Hacker News new | ask | show | jobs
by FanaHOVA 863 days ago
Accelerators have nothing to do with it as we're mostly memory bound by HBM <> SRAM data transfer rather than compute bound.
2 comments

It depends. Right now once we hit 6-8 bit precision inference, H100s/A100s are not memory-bound, but compute-bound.
This is wrong, being memory bound or not has to do with the dimensions of the matrices being multiplied (if you’re on tensor cores). https://docs.nvidia.com/deeplearning/performance/dl-performa...

Some of the things being done to improve quality of 6-8 bit inference use extra compute and push it a little in the other direction but it’s still pretty memory intense until the batch size gets quite large

It'll help, but GPU crunch isn't caused by people running 6-8bit inference on a single card, but by all the large scale pre-training + fine-tuning runs.
Can you link to an actual performance analysis on this?
Easy. I made tests on desktop core i7-7700 with 64G DDR4-2400. And I've tested 13B..30B..70B models on it, and you may imagine, how easy to manage how many CPU cores used.

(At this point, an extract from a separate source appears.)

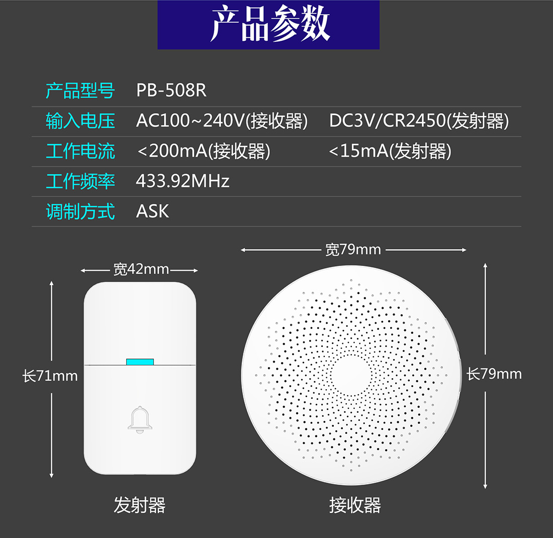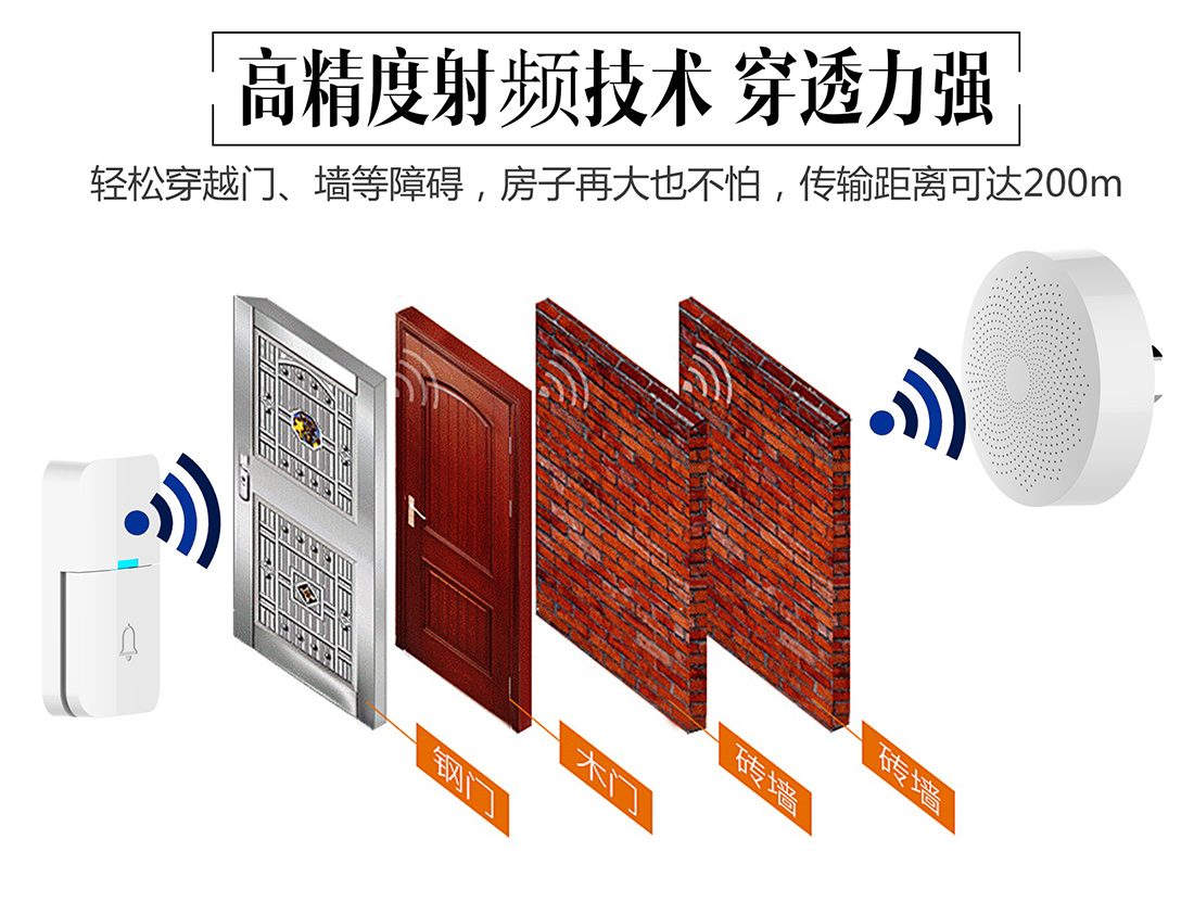 本无线门铃PB-701R采用了采用了先进的无线高频发射接收技术,强大的微电脑控制系统,大容量的高质量的语音处理技术,集成多达58首和弦音乐,音量4级可调,传输距离高达200m,性能稳定可靠。门铃主机和门铃按钮可以无线对码。适合别墅、会所、休闲中心、酒店、宾馆、家庭、写字楼、会议室等场所。

Answer is - it is really works, but slow (about 0.5..1 tokens per second, with near 100% CPU usage).

i7-7700 is good weighted machine, but before I few times achieved memory speed bounds with highly optimized software. And it looks very different. When use all cores, I got somewhere about 50% of CPU usage.

BTW Llama.CPU is very good software.

If I’m not mistaken, for parallel inference requests and for prompt preprocessing it’s compute bound.

Also, if you have just a single model you want to optimise (and not the training), you could build an array of asics that do specific matrix computations - then you don’t need to read weights from memory at all.